Watch what happens: Riley checks your calendar → reads client notes → shortlists restaurants near their hotel → drafts an invite email and calendar hold → waits for your approval to book. He's not doing these tasks one after another—he's running them in parallel, orchestrating multiple sources at once. This is agentic execution: plan → call tool → read result → decide next step, looping until the goal is done (or Riley asks you). The phone didn't just give Riley access to information. It gave him the ability to act.
How It All Fits Together
Riley = a large language model (LLM)
Dad = pre-training + fine-tuning (including RLHF)
Phone = tools and connectors (Search, Calendar, Email, Docs, Database, Web)
Agentic execution = plan → call tool → read result → decide next step (loop with approvals)
This combination is why ChatGPT went from interesting to useful. A year ago, it was just Riley without the phone—impressive pattern matching, good at conversation, but limited to its training data and prone to confident hallucinations. Then it got the phone. Suddenly it could search the web for current information, execute code, analyze files, access your calendar. And critically, it learned to use these tools in parallel, chaining them together to complete complex tasks.
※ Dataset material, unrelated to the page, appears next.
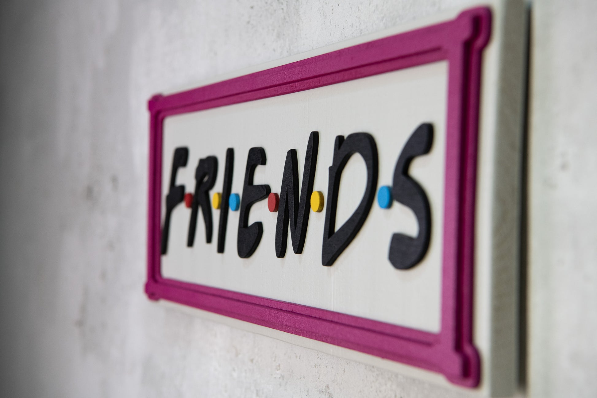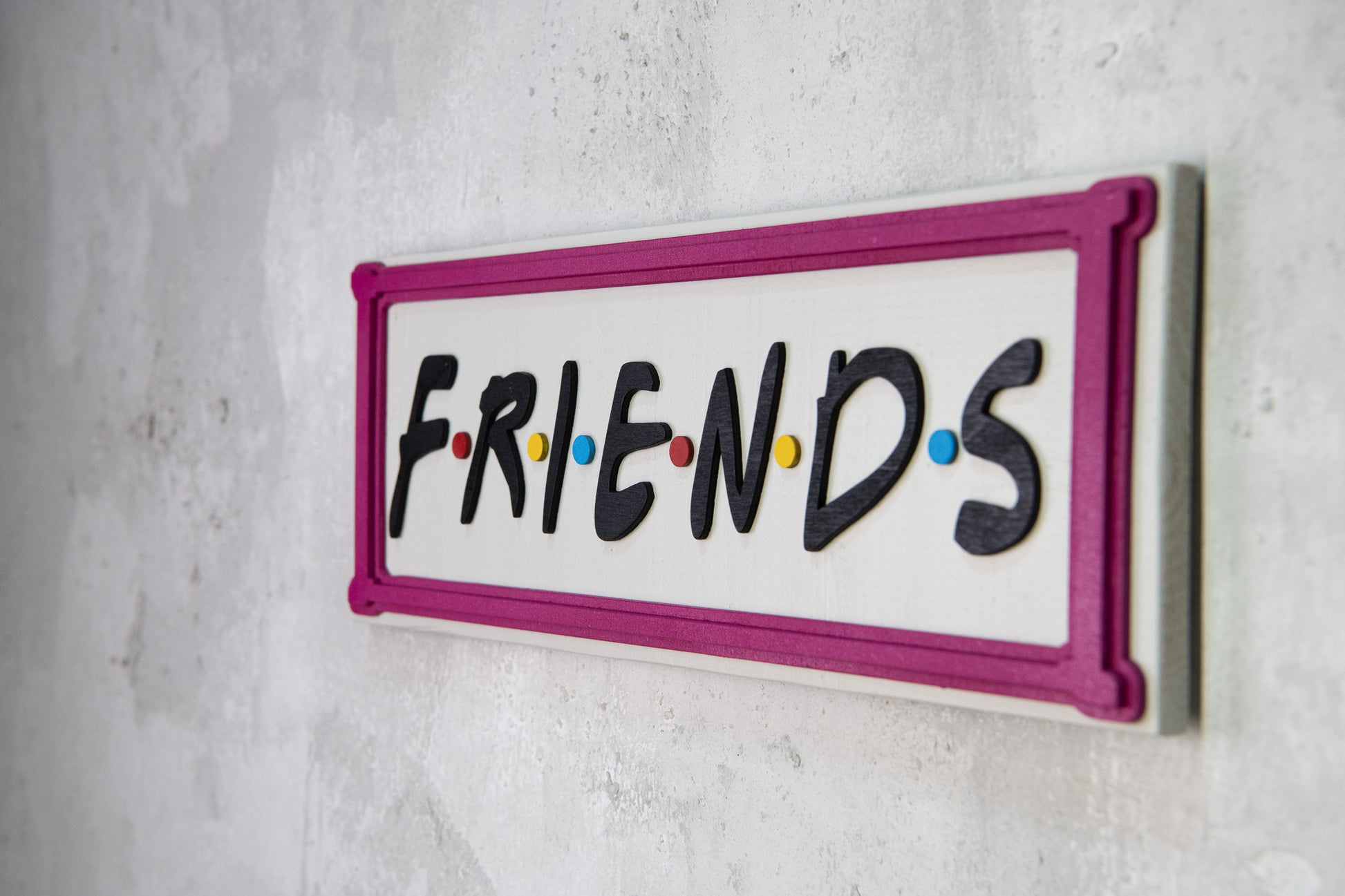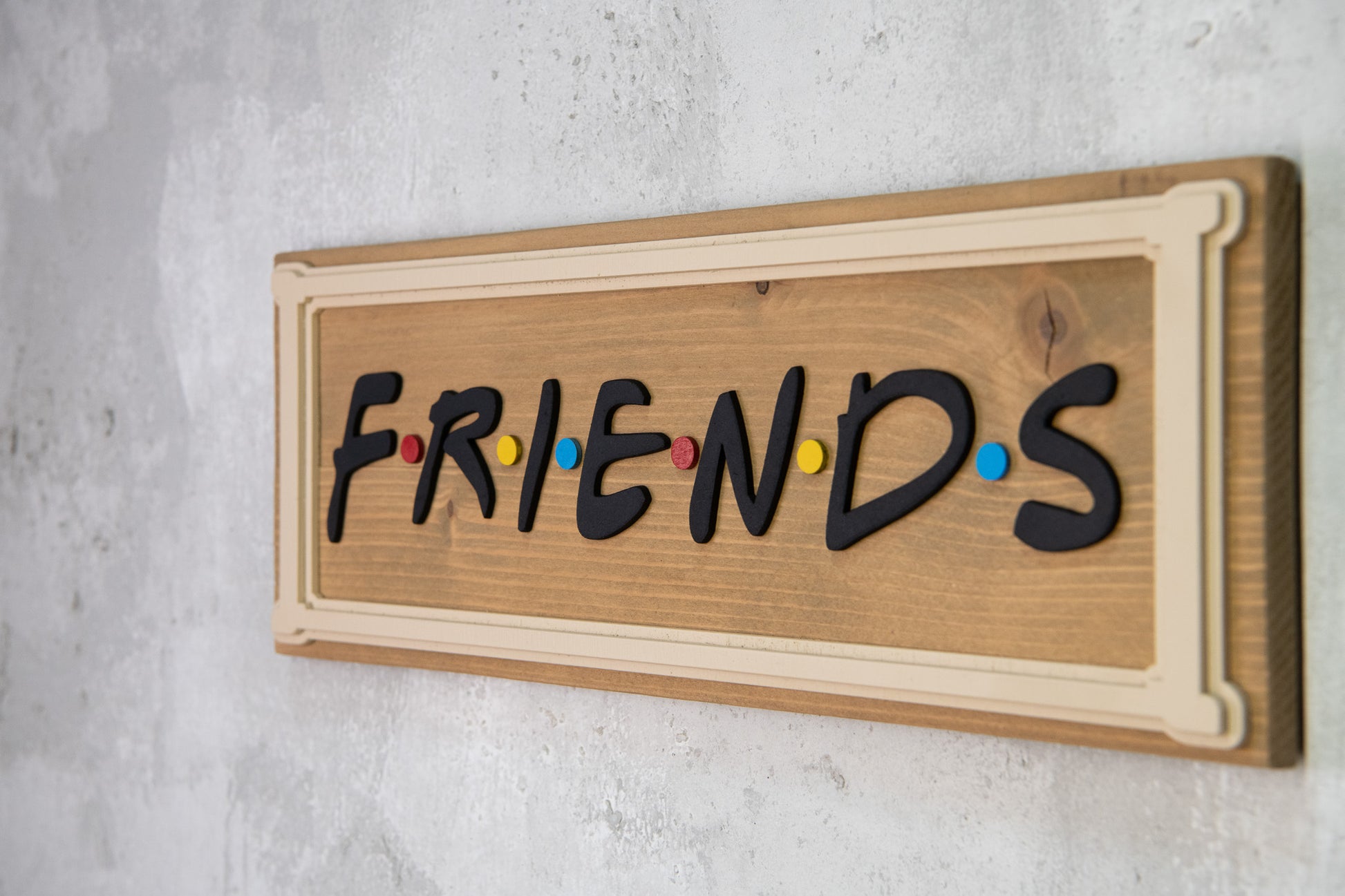 Φέρε την ατμόσφαιρα της αγαπημένης σειράς FRIENDS στον χώρο σου με αυτή τη χειροποίητη ξύλινη πινακίδα τοίχου. Εμπνευσμένη από το θρυλικό λογότυπο, αποπνέει νοσταλγία, φιλικότητα και θετική ενέργεια.

It's not a smarter model. It's the same Riley, now empowered by the right infrastructure.
The breakthrough wasn't better intelligence. It was giving intelligence the ability to act.
Building Your Own Riley
If you're building AI assistants, you need three layers:
- Model – Choose the LLM(s) and how you prompt them (system prompts, few-shot examples), plus guardrails.
- Tools & Data – Stable, permissioned connectors to the systems your users live in (email, calendar, docs, SaaS APIs, internal data). Include retrieval for "memory" so Riley can cite and re-use past context.
- Orchestrator – The agent loop that plans → calls tools → reads results → decides next step. Add approvals, logging, rate limits, cost controls, and fallbacks.
Guardrails checklist:
- Approvals for irreversible actions
- Auth scoping & secret rotation
- Logging + replay for each tool call
- Timeouts, retries, and cost caps
- Clear error surfacing when a step fails
At Civic, we're building exactly this infrastructure. We provide the phone—a way to connect your LLM with the tools it needs. We handle the authentication, token refresh, secure credential management, server deployment—all the messy infrastructure that makes tool access actually work in production. The only thing you have to think about is: what information will my agent need? Not how to securely connect to Gmail's API, or how to manage OAuth flows, or how to avoid storing sensitive tokens. Just what your Riley needs to be useful.
Because once you understand how these pieces fit together—the LLM, the tools, the orchestrator, the guardrails—the question isn't whether to build AI assistants. It's what you're going to build them to do.